* _Problem_
Extract from the entries below, exactly as given, only the lines from the line containing "写生期间,学生们听从指导老师" to the line containing "主题党日由华北科技公司艺术系", both lines included.

* _Provided material_
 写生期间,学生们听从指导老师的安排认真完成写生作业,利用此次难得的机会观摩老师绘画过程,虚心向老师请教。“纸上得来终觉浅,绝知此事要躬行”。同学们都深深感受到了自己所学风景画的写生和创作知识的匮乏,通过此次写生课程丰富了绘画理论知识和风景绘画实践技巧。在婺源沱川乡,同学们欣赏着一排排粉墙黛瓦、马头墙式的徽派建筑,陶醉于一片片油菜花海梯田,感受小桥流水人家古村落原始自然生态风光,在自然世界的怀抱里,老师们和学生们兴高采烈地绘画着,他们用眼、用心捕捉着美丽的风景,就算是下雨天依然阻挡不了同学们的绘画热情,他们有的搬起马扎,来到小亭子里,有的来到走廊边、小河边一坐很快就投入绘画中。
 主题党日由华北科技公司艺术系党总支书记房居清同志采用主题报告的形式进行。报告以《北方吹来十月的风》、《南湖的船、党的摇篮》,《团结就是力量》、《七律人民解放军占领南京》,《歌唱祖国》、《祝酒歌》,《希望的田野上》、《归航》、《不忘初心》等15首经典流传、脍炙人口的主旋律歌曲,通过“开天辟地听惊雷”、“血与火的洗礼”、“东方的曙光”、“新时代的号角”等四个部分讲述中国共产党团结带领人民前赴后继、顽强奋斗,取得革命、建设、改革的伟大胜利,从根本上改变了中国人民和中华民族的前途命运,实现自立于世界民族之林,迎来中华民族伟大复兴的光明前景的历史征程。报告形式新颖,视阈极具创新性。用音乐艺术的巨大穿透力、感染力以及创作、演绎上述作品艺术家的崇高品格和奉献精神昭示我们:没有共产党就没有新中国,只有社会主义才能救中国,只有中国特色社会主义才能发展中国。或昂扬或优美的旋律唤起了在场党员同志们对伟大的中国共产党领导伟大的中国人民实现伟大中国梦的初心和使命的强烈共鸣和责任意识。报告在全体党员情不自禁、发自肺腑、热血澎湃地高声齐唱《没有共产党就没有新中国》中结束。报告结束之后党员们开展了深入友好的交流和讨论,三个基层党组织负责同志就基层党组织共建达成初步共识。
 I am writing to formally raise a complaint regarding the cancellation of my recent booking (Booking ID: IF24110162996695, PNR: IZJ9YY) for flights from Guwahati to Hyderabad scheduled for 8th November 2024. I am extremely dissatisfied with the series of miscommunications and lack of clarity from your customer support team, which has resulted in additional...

==

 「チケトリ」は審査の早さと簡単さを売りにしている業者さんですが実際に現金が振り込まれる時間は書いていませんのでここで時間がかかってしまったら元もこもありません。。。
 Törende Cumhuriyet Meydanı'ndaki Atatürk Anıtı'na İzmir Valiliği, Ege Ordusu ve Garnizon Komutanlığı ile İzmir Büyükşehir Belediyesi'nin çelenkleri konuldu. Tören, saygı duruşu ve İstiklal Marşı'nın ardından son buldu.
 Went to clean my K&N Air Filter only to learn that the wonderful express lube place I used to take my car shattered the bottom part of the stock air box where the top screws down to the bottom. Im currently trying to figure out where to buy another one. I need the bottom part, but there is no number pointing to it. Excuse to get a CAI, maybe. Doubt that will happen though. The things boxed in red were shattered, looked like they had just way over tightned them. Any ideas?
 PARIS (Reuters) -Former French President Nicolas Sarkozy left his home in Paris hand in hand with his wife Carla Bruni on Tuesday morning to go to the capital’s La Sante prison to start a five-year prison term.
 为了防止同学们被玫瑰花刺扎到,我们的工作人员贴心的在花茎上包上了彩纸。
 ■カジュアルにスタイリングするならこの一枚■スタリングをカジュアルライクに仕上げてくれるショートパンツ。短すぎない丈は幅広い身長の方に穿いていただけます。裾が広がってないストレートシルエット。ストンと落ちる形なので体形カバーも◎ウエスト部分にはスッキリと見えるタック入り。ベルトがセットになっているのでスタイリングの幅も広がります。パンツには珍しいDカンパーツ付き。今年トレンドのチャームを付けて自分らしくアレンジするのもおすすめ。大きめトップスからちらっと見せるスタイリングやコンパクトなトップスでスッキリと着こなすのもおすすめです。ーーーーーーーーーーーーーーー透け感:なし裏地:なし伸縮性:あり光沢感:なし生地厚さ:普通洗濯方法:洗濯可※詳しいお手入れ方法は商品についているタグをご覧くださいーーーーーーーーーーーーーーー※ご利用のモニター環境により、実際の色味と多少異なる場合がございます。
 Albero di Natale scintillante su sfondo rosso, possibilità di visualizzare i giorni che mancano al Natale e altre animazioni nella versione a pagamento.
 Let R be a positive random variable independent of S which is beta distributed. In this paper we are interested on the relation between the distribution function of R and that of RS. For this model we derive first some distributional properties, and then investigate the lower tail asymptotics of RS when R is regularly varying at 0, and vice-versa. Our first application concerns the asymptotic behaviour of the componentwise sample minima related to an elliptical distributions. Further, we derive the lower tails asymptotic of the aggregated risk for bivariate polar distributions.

* _Exercise result_
 写生期间,学生们听从指导老师的安排认真完成写生作业,利用此次难得的机会观摩老师绘画过程,虚心向老师请教。“纸上得来终觉浅,绝知此事要躬行”。同学们都深深感受到了自己所学风景画的写生和创作知识的匮乏,通过此次写生课程丰富了绘画理论知识和风景绘画实践技巧。在婺源沱川乡,同学们欣赏着一排排粉墙黛瓦、马头墙式的徽派建筑,陶醉于一片片油菜花海梯田,感受小桥流水人家古村落原始自然生态风光,在自然世界的怀抱里,老师们和学生们兴高采烈地绘画着,他们用眼、用心捕捉着美丽的风景,就算是下雨天依然阻挡不了同学们的绘画热情,他们有的搬起马扎,来到小亭子里,有的来到走廊边、小河边一坐很快就投入绘画中。
 主题党日由华北科技公司艺术系党总支书记房居清同志采用主题报告的形式进行。报告以《北方吹来十月的风》、《南湖的船、党的摇篮》,《团结就是力量》、《七律人民解放军占领南京》,《歌唱祖国》、《祝酒歌》,《希望的田野上》、《归航》、《不忘初心》等15首经典流传、脍炙人口的主旋律歌曲,通过“开天辟地听惊雷”、“血与火的洗礼”、“东方的曙光”、“新时代的号角”等四个部分讲述中国共产党团结带领人民前赴后继、顽强奋斗,取得革命、建设、改革的伟大胜利,从根本上改变了中国人民和中华民族的前途命运,实现自立于世界民族之林,迎来中华民族伟大复兴的光明前景的历史征程。报告形式新颖,视阈极具创新性。用音乐艺术的巨大穿透力、感染力以及创作、演绎上述作品艺术家的崇高品格和奉献精神昭示我们:没有共产党就没有新中国,只有社会主义才能救中国,只有中国特色社会主义才能发展中国。或昂扬或优美的旋律唤起了在场党员同志们对伟大的中国共产党领导伟大的中国人民实现伟大中国梦的初心和使命的强烈共鸣和责任意识。报告在全体党员情不自禁、发自肺腑、热血澎湃地高声齐唱《没有共产党就没有新中国》中结束。报告结束之后党员们开展了深入友好的交流和讨论,三个基层党组织负责同志就基层党组织共建达成初步共识。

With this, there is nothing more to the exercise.